Pour son premier roman, Trancher, Amélie Cordonnier nous convie dans l’intimité d’une femme qui fait des listes pour ne rien oublier. Des listes de livres, de fêtes à souhaiter, de légumes à acheter… En mère de famille consciencieuse, elle note tout.
Vient le temps des listes d’insultes, celles que son mari lui adresse avec une soudaineté confondante et qu’elle consigne avec soin. Pour ne pas oublier.
Oublier, c’est ce qu’elle a tenté de faire, sept ans plus tôt, après s’être effondrée. Le couple s’est alors séparé avant de se retrouver autour d’une promesse : Aurélien allait travailler sur sa violence, il ne recommencerait pas… À l’inverse des miroirs brisés, cette promesse a été suivie de sept ans de bonheur.
Mais tout a une fin… « Je suis chez moi, quand même, alors ferme ta gueule une bonne fois pour toutes, connasse, si tu ne veux pas que je la réduise en miettes. »
Ainsi parle Aurélien à sa femme, lors d’un brutal accès de fureur. Les miettes, ce sont celles qui traînent sur la table du petit-déjeuner dominical qui réunit la famille. À cet endroit, la violence du verbe pulvérise la métaphore. Le sujet se trouve réduit à cette chose insignifiante, ce déchet de jouissance orale à évacuer.
Alors ça recommence.
« Quelque chose, mal recollé en toi il y a des années, s’est brisé net. »

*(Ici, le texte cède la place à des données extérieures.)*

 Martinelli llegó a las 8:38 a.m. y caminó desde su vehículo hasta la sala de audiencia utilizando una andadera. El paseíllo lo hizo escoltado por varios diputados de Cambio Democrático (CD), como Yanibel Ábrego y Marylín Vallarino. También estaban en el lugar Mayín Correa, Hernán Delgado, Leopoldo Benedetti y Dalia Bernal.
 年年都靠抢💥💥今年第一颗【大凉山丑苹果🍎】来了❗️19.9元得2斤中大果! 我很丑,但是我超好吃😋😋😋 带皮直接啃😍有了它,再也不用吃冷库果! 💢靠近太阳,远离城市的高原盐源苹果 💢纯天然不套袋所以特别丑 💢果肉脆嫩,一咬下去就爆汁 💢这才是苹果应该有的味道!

Effets de la parole sur le corps, l’héroïne tombe de son vélo. Une chute, en apparence anodine, qui en condense pourtant une autre. Est-ce une re-chute ? « Mais tu te jures, au plus profond de toi, que cette fois tu ne t’effondreras pas. »

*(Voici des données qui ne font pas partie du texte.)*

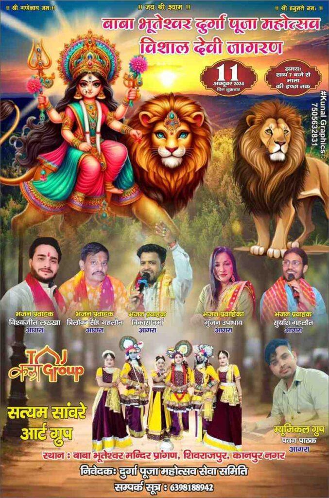 Taj Kala Group Events organized a grand Devi Jagran at Baba Bhuteshwar Mandir, Shivrajpur, Kanpur Nagar under the guidance of Durga Pooja Mahotsav Seva Samiti. The program was full of devotion and positive energy, and many people appreciated it as one of the best Jagran Party in Kanpur.
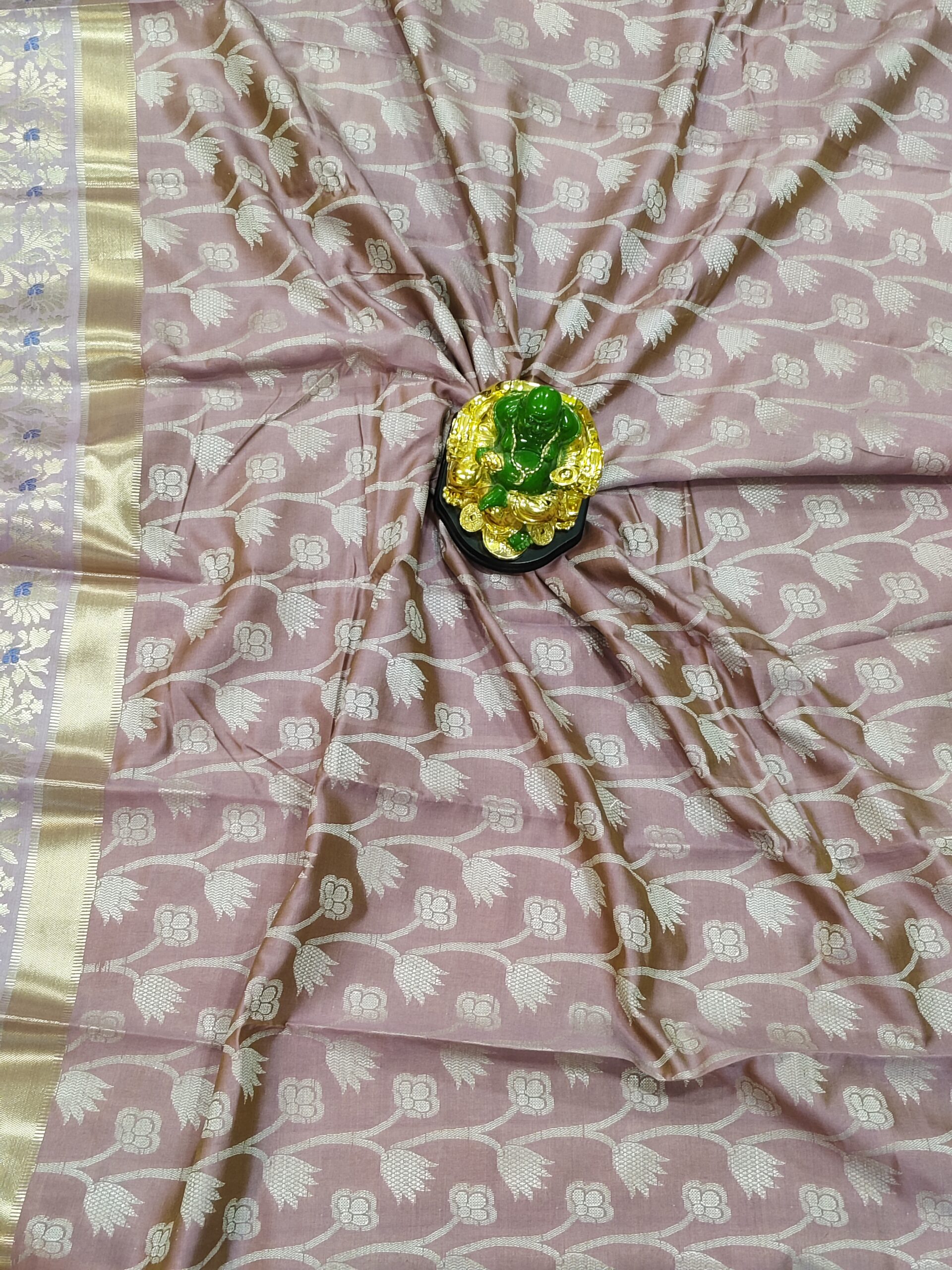 Onion pink Soft cotton rich golden zari woven floral design saree with golden zari border
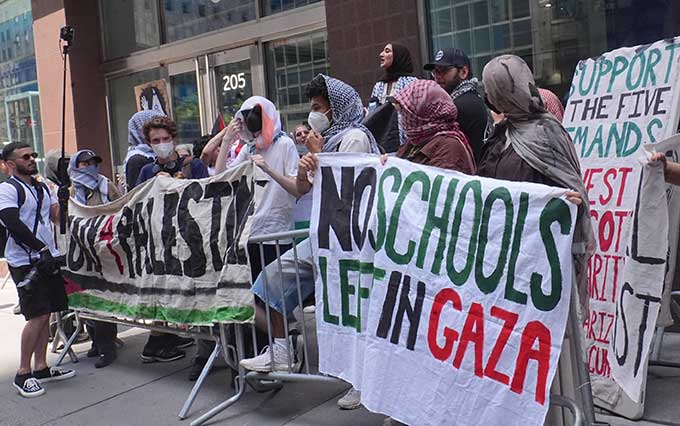 “We are seeing faculty members who are facing not just discipline but termination for the crime of expressing solidarity with the fight for Palestinian human rights,” he said, after putting on the PSC-CUNY hat. “I know that this is a repression that is not unique to Brooklyn College. It is a repression that extends even to the ways in which we choose when to send police officers onto college campuses.”
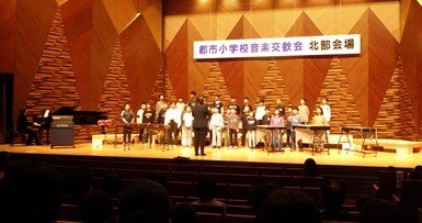 越後妻有文化ホール「段十ろう」に郡市の小学校が集まり郡市小学校音楽交歓会が行われました。上野小学校は、3年生から6年生の32名が参加しました。合唱「つばさをください」、合奏「Paredise Has No Border」を披露しました。2学期がスタートしてから、これまでたくさん練習してきました。学習発表会で披露してから、さらに磨きをかけて、みんなの音と心をひとつに合わせ、美しい音を響かせました。練習の成果を存分に発揮し、大成功でした。

Suit l’alternance des crises et des rémissions. De l’espoir et du découragement. Régulièrement, Aurélien explose et sa parole fuse, ordurière. Il dénigre, rabaisse, avilit l’autre comme pour, mécaniquement, se rehausser. Tout y passe. « Te voilà redevenue la chienne qu’il faut museler, la connasse qui n’a pas le droit de l’ouvrir » Curieusement, une fois calmé, il dit ne pas se souvenir de ses propos dégradants et redevient un mari gentil, un père attentif qui jure qu’on n’y l’y reprendra plus… jusqu’à la fois suivante.

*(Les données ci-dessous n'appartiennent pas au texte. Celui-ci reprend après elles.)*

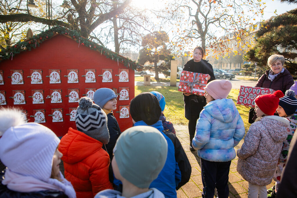 A főtéren felállított házikónál a város óvodáinak intézményi szinten biztosítottunk lehetőséget arra, hogy a naptárban ajándékra leljenek, ezzel téve örömtelivé több száz óvodás ünnepvárását.
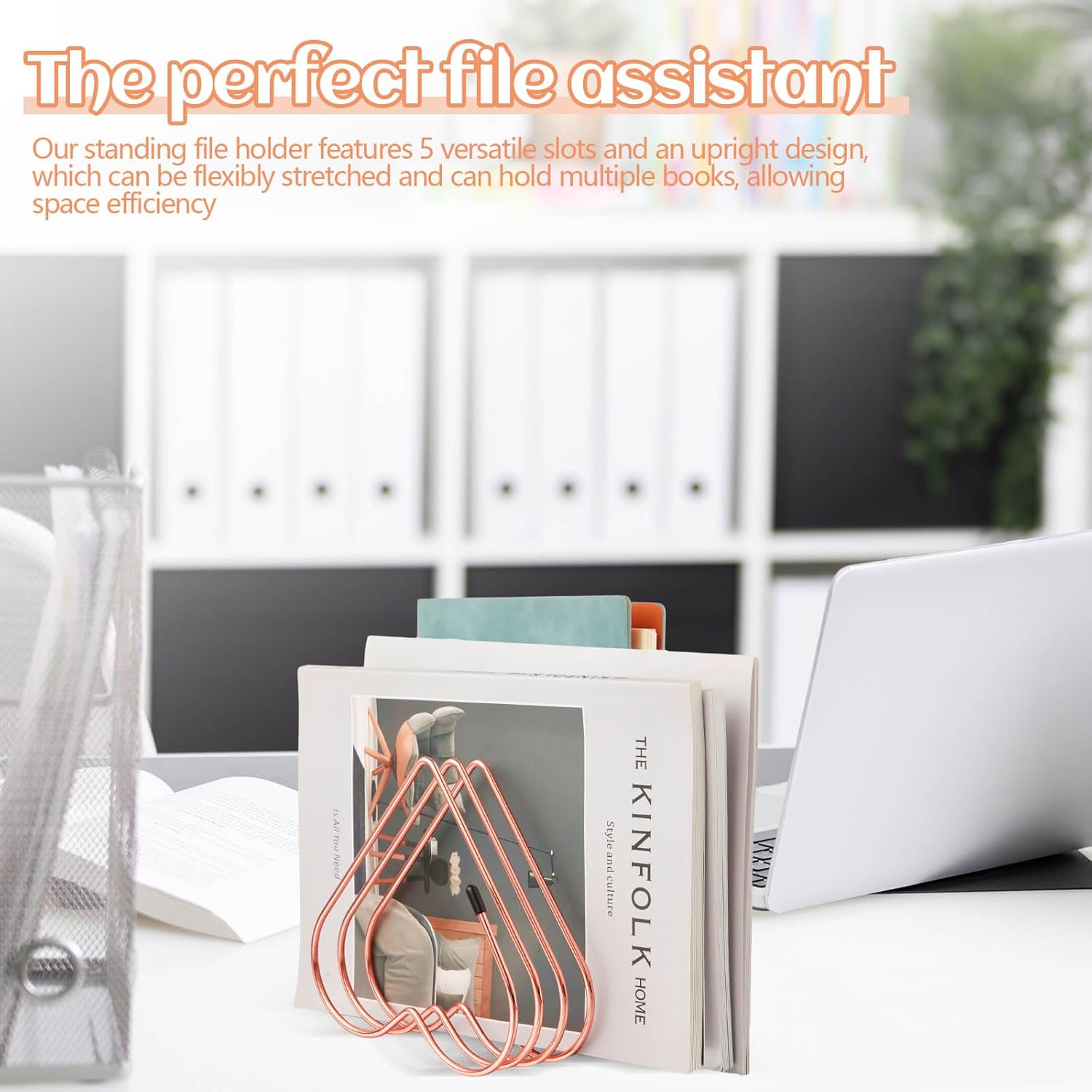 Space Saving Solution: our standing file holder features 5 versatile slots and an upright design, which can be flexibly stretched and can hold multiple books, allowing space efficiency; Reduce desktop clutter and stretch your productivity to next heights with our smart file holders

Et l’héroïne de s’interroger. Partir ou rester ? C’est ce qu’elle va devoir trancher…
« Il a improvisé des promenades dans les jardins refleuris et des déambulations dans les rues de Paris. »
Ça vous dit quelque chose ? Un air dans la tête, peut-être… En contrepoint des horreurs, l’écriture d’Amélie Cordonnier est parsemée de références discrètes à Barbara ou Baudelaire comme pour nous rappeler qu’une langue est faite de ces paroles répétées, tellement entendues, tellement familières, qu’on finit par les reprendre à son compte en n’en distinguant plus les contours. Si c’est vrai pour la poésie, qu’elle s’inscrit dans notre chair et fait intimement partie de nous, pourquoi n’en serait-il pas de même avec les invectives surgies dans la banalité du quotidien, les insultes lancinantes entendues encore et encore ? Malgré ses efforts pour faire barrage à la parole destructrice qui l’assaille, l’héroïne doute. « Ce n’est pas si facile de ne pas croire ce qu’il te dit. […] Tu n’es pas la gourde, la bonne à rien, la fille incapable qu’il décrit. »
Le lecteur suit le cheminement de cette femme qui s’accroche à son rêve brisé de famille idéale. On la voit hésiter, se demander si, en partant, elle ne va pas détruire la vie de ses enfants. Après tout, se dit-elle, ce ne sont que des paroles… Des insultes, des menaces mais pas de coups qui feraient trace et donneraient la peau pour témoignage. Et puis… on lui a appris à être douce et compréhensive. À ne surtout pas geindre. Et à se remaquiller après la débâcle. Elle s’y applique sans voir que ces injures qu’elle encaisse teintent peu à peu sa langue d’une trivialité nouvelle. Qu’à force d’être dégradée par l’agressivité de l’autre, elle se dégrade elle-même et choit dans la fange qui lui est promise. Dans une scène hallucinante, l’auteure montre jusqu’où peut conduire cette destructivité quand il s’agit de se faire l’objet massacré de l’autre.
« Trancher » rappelle qu’il est des couples où les mots ne sont plus à la noce. Pour dire cette violence invisible et cerner les traces profondes laissées par la parole, il ne reste parfois que le cabinet de l’analyste… et la littérature.